My Journey to use GPU in AWS ECS
4 steps processes to upload your code to AWS
- To login to AWS ECR:
aws ecr get-login-password --region ap-east-1 | docker login -u AWS --password-stdin (your_aws_id).dkr.ecr.ap-east-1.amazonaws.com
- To build image for AWS ECR:
docker build -t medicalreportocr-gpu .
- To tag the image to AWS ECR:
docker tag medicalreportocr-gpu:latest (your_aws_id).dkr.ecr.ap-east-1.amazonaws.com/medicalreportocr-gpu:latest
- To push the image to AWS ECR:
docker push (your_aws_id).dkr.ecr.ap-east-1.amazonaws.com/medicalreportocr-gpu:latest
Before you start
This is a long story. And there are a lot of nuances and difficulties when using this AWS ECS (ECS for short) thing. And I don't want to keep it "short and sweet", because I think it is my responsibilites to put everything I encountered, the problems that I met during this process.

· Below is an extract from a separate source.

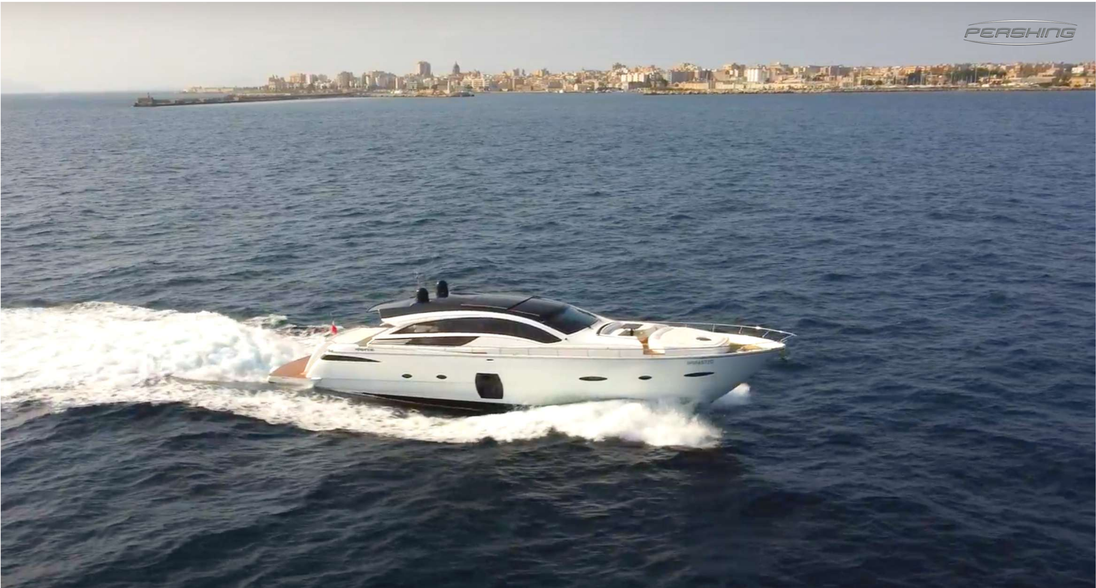
THYKE II PERSHING 80

This project, from having a running code in Python local development, to ECS "production" (or first GPU version), already tooks more than 1/2 years.
While I don't want to keep it short and sweet, there are somethings that I would not mention:
- Background: The reason why this project is developed. Unless this is related to the technical side of the project, I tried not to mention here.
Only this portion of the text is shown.